ECB Initiates First Rate Hike in Three Years

At its June policy meeting, the European Central Bank raised the marginal lending rate, main refinancing rate, and deposit facility rate by 25 basis points each, reaching 2.65%, 2.40%, and 2.25%, respectively. This marks the bank's first rate hike in three years, with all committee members agreeing to the decision. The ECB's policy statement highlighted that geopolitical risks in the Middle East are injecting uncertainty into the inflation outlook. Considering potential imported inflation pressures, the ECB raised its overall inflation forecast for 2026 from 2.6% to 3.0%, predicting that inflation levels may not return to the official long-term target of 2.0% until the second half of 2027.

Labor Market Supports Policy Wait-and-See Stance

Despite the upward revision of short-term inflation expectations, ECB officials emphasized that the current macroeconomic environment is fundamentally different from the inflation peak in 2022. Labor demand within Europe is further cooling, and wage growth is expected to slow over the next year. Policymakers have not observed secondary effects of a wage-price spiral at this stage. Since this rate hike is not the start of an aggressive policy cycle and there has been no discussion of neutral rates or ranges, the market generally expects the ECB to enter a policy observation period after this action, with no predetermined path for future interest rates.

U.S. Producer Price Index Exceeds Expectations

As the ECB announced its rate hike, data from the U.S. Department of Labor showed that the year-on-year growth rate of the Producer Price Index for May rose to 6.5%, significantly higher than the previous value of 5.7%, marking the highest level since November 2022. The core PPI growth rate remained stable at 4.9%. Price pressures from the supply chain continue to transmit to the consumer side, bringing inflation back to the forefront of market concerns. This data adds uncertainty to the upcoming Federal Reserve System monetary policy meeting, which will feature the first policy event chaired by the new chairman, Walsh.

Global Central Bank Shifts Trigger Market Reassessment

In addition to the major central banks in Europe and the U.S., the Bank of Japan is also expected to raise its benchmark rate by 25 basis points to 1.0% at next week's meeting and may announce further reductions in government bond purchases. As the attitudes of the three major global central banks shift towards tightening, the international financial market's funding environment is undergoing profound repricing. If core inflation indicators in major economies continue to rise due to geopolitical factors or demand-side rebounds, global multi-asset market pricing models may face a comprehensive reassessment, with short-term market volatility likely to increase.

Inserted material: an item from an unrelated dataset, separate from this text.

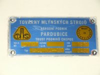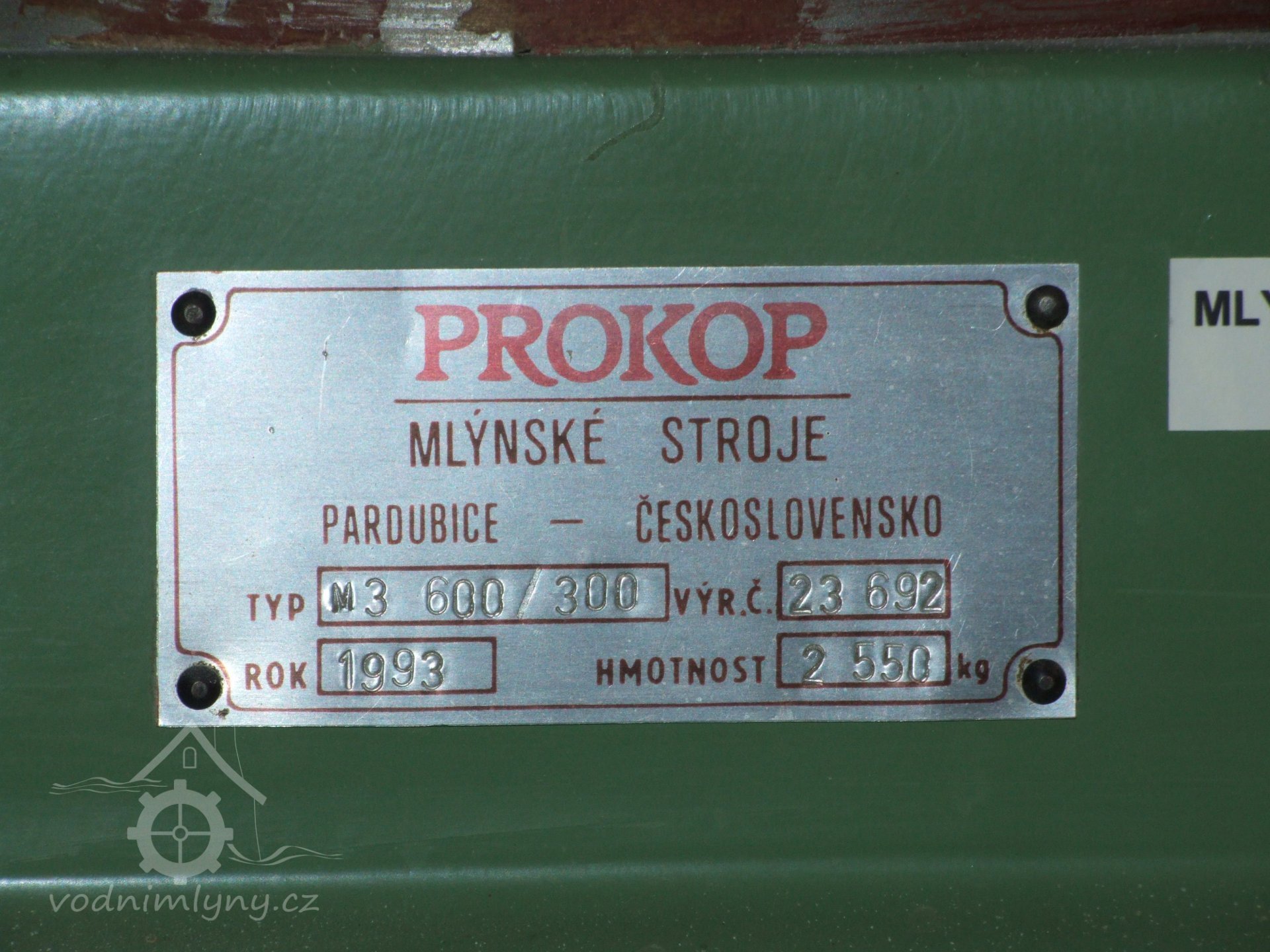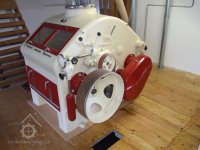 Mlýn Na Závodí č.p. 105, Holasovice – 1. patro: výrobní štítek srdce mlýna, moderní dvoupárové válcové mlecí stolice ("tuplovky"), červen 2023, © Jiří Hořák, (Prvky na obrázku: válcová stolice, značka výrobce na technologickém vybavení)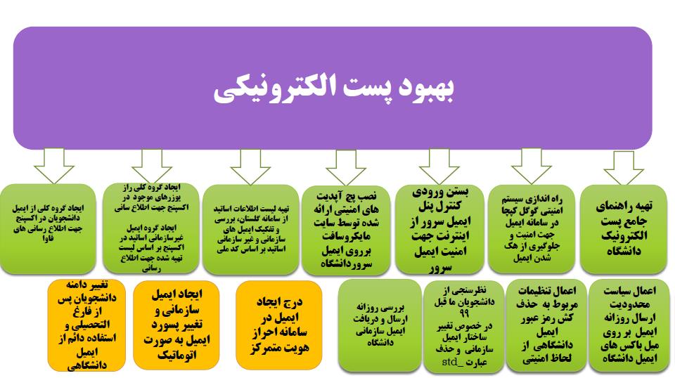 با توجه به به روزرسانی های ایمیل سرور از نظر تغییر به آخرین ورژن و بهینه سازی سخت افزار مورد استفاده، سینک اکتیودایرکتوری های موجود در کرج و تهران و همچنین با اصلاح ساختار اکتیودایرکتوری و دسته بندی و تفکیک گروه های کاربری مرکز فاوا در یک قالب ساخت یافته خدمات بیشتری را حهت افزایش تعداد و تنوع کاربران و رفع مشکلات گذشته ارائه نموده است.

Risk Warning and Disclaimer

The market carries risks, and investment should be cautious. This article does not constitute personal investment advice and has not taken into account individual users' specific investment goals, financial situations, or needs. Users should consider whether any opinions, viewpoints, or conclusions in this article are suitable for their particular circumstances. Investing based on this is at one's own responsibility.